Ingredients:
- 1/2 cup (115g) unsalted butter, softened
- 1 cup (250g) creamy peanut butter
- 3/4 cup (150g) light brown sugar, packed
- 1/2 cup (100g) granulated white sugar
- 1 large egg, room temperature
- 1 tablespoon pure vanilla extract
- 1 1/2 cups (190g) all-purpose flour
- 1 teaspoon baking soda
- 1/2 teaspoon kosher salt
- 1 1/2 cups (250g) M&M's milk chocolate candies
- 1/2 cup (90g) semi-sweet chocolate chips
Instructions:
- Preheat your oven to 350°F (180°C). Line two large baking sheets with parchment paper or silicone mats.
- Beat 1/2 cup (115g) softened butter, 1 cup (250g) peanut butter, 3/4 cup (150g) brown sugar, and 1/2 cup (100g) white sugar.
- Cream for 2-3 minutes until the mixture looks pale and fluffy.
- Add 1 large egg and 1 tablespoon vanilla extract.
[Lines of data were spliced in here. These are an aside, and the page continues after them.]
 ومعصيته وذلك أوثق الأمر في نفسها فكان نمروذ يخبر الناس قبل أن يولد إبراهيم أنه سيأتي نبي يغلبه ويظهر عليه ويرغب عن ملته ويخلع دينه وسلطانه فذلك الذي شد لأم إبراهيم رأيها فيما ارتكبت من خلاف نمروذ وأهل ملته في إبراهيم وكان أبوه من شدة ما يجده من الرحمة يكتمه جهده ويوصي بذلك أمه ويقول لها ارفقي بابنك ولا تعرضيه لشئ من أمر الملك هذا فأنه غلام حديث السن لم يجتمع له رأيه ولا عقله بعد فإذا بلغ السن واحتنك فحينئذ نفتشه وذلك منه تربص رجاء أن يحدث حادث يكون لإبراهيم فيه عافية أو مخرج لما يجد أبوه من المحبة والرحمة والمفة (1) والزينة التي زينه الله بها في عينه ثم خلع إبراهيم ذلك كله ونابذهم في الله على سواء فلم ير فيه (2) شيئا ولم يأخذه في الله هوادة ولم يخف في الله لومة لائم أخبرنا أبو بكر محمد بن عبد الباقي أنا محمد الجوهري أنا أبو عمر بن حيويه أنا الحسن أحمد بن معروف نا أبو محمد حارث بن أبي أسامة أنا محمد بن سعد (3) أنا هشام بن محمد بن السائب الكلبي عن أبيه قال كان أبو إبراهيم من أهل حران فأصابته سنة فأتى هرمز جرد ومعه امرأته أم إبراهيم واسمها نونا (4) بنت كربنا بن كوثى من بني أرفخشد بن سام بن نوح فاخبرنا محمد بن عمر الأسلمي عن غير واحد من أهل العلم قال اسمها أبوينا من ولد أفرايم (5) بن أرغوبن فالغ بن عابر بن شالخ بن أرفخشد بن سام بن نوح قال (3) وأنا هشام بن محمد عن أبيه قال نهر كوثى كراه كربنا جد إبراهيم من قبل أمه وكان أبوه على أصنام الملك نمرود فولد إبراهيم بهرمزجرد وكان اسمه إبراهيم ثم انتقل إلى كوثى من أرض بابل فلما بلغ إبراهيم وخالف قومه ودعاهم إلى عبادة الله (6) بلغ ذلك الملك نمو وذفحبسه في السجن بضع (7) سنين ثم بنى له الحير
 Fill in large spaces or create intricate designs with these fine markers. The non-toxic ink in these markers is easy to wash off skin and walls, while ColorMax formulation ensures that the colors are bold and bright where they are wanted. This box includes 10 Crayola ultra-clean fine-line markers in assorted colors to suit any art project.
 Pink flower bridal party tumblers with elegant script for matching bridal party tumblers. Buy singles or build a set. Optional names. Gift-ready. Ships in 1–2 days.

Mix on medium speed until the yellow streaks of egg disappear.
- Whisk together 1 1/2 cups (190g) all purpose flour, 1 teaspoon baking soda, and 1/2 teaspoon salt.
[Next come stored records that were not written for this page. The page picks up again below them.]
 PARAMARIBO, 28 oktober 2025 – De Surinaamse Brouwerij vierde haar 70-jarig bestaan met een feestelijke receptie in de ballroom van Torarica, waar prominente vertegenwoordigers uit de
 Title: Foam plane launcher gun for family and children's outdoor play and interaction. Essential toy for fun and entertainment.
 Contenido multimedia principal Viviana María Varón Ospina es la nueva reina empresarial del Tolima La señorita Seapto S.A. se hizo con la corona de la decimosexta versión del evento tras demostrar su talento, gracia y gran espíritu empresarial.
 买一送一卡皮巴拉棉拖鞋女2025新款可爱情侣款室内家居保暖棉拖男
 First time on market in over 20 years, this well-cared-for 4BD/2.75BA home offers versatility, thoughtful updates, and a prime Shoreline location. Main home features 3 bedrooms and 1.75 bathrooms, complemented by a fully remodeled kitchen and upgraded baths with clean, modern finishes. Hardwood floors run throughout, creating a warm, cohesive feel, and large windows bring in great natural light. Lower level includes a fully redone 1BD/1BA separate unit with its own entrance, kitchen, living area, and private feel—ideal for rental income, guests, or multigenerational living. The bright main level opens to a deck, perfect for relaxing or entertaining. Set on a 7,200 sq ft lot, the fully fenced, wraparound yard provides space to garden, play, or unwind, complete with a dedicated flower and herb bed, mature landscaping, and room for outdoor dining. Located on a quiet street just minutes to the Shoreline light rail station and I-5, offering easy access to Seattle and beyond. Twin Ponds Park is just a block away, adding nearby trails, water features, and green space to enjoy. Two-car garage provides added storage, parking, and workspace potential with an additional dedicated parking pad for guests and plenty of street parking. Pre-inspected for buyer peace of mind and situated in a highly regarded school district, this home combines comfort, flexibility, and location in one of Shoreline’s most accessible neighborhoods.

- Pour the dry ingredients into the wet mixture. Mix on low speed until just a few streaks of flour remain.
- Fold in 1 1/2 cups (250g) M&M's and 1/2 cup (90g) chocolate chips using a spatula. Don't overmix, or the cookies will be tough.
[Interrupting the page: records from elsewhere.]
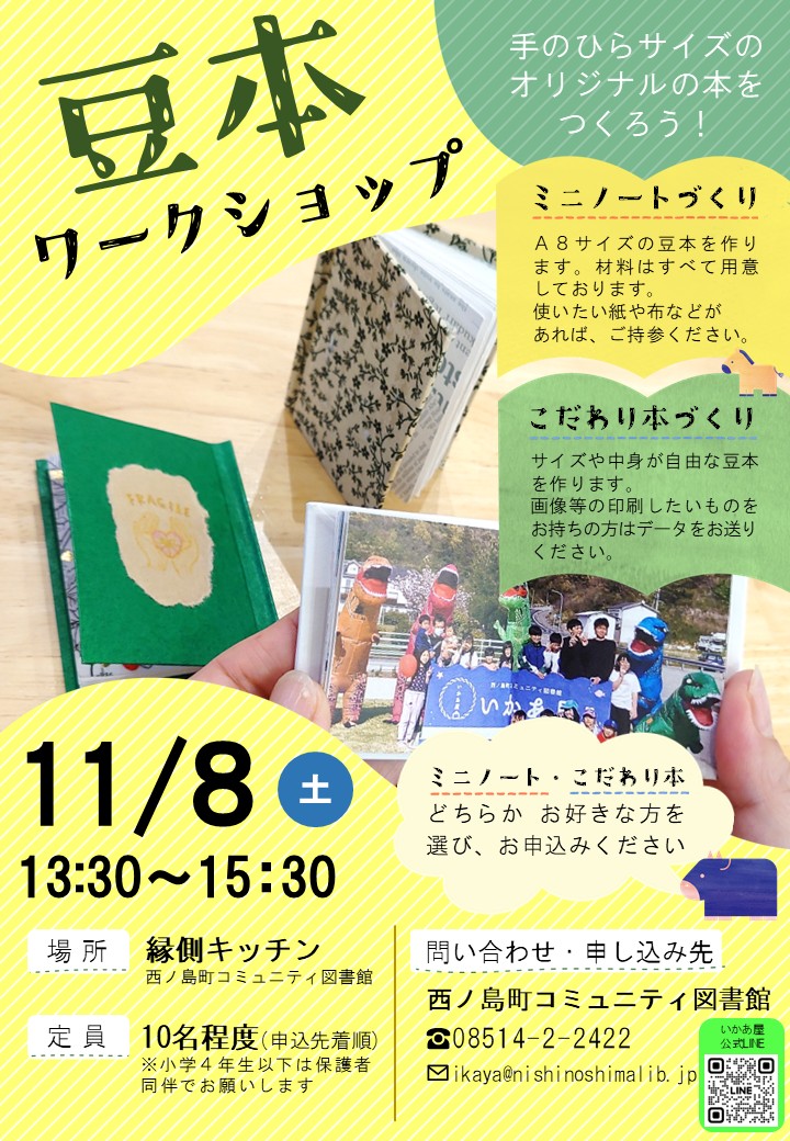 2025/10/15 (水) 豆本ワークショップ(読書週間イベント) 2025/07/7 (月) 縁側カフェ 2025/03/1 (土) アロマスプレーワークショップ 2024/12/4 (水) 縁側カフェ 2024/11/20 (水) 縁側カフェ 2024/10/31 (木) 島前高校生企画イベント 2024/10/18 (金) みつろうラップづくり 2024/09/7 (土) 縁側カフェ 2024/05/9 (木) いかあ屋フェス2024(5/24追記) 2023/12/1 (金) ボードゲーム広場 1 2 3 >
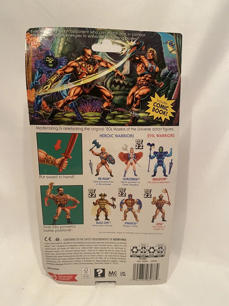 Introducing the limited edition Mattel Masters of the Universe Origins Jitsu Action Figure, perfect for fans of the iconic TV show. This 1:12 scale figure features intricate details and comes in a collector's box. The figure is made of high-quality plastic and stands at 7 inches tall. The Jitsu Action Figure is part of the Universe series and is an original, licensed reproduction by Mattel. It features an adjustable design and is based on the popular character from the Masters of the Universe franchise. This item is a must-have for any fan or collector and is sure to be a standout addition to any collection.
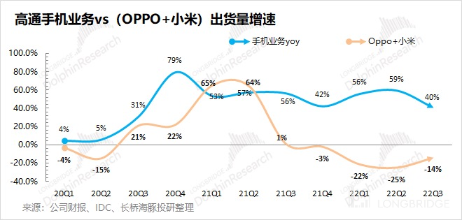 由于高通下游客户主要是安卓厂商,那么来看看安卓手机出货量和高通手机业务的相关性?海豚君依据 OPPO 和小米的全球出货量情况,来看高通手机业务的相关性。其中可以看到,由于 H 厂商的限制,在 2021 年上半年 OPPO 和小米两家出货量增速达到 60% 以上。而高通手机业务 50% 以上的高增长,也是从 2020 年末开始。
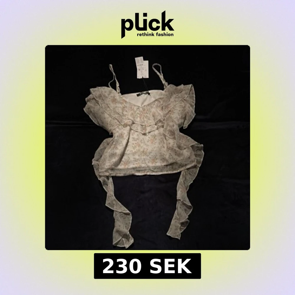 Supersöt blommig blus från Gina Tricot i ljus färg med volangdetaljer längs axlar och sidor. Topp med smala axelband, v-ringning och långa volanger som hänger ner. Aldrig använd, prislappen sitter kvar. Säljer pga kommer inte till användning. Den kosta 329kr först, säljer för 230kr.😊❣️
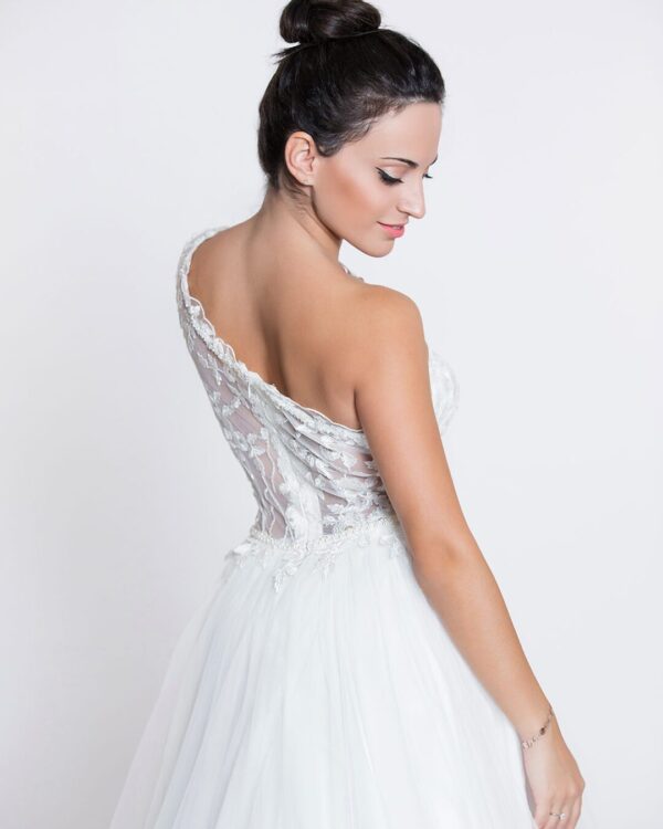 Ρομαντικό νυφικό από γαλλικό τούλι με ένα μανίκι, σε άλφα γραμμή και μπούστο κεντημένο με 3D δαντέλα. Το νυφικό είναι μοναδικό και είναι μόνο προς πώληση, ώστε να είσαι σίγουρη ότι θα είναι μοναδικά ξεχωριστό όπως σου αρμόζει. Όλα μας τα νυφικά προέρχονται από ευρωπαϊκούς οίκους μόδας. Ολοκαίνουργια νυφικά 2019 και διατίθονται μόνο για αγορά. Ανακάλυψε τα ιδανικά στέφανα για τον ονειρεμένο γάμο σου! Πολλές νύφες μας μας έχουν εμπιστευτεί και έχουν αγοράσει με τις συμβουλές μας το νυφικό τους online. Αν δεν είσαι σίγουρη για την εφαργαγή του μπορείς να κλείσεις ραντεβού για πρόβα στο [email protected] για να επισκεφτείς το φυσικό μας κατάστημα και κέρδισε 10% έκπτωση.

- Scoop rounded tablespoons of dough onto the prepared sheets. Space them 2 inches apart to allow for natural spreading.
- Bake for 10 minutes. The edges should be set, but the centers will still look slightly soft.
- Remove from the oven and let them sit on the hot pan for 5 minutes. Wait for the residual heat to finish the center.
- Transfer to a wire rack to cool completely. The shells will crackle slightly as they reach room temperature.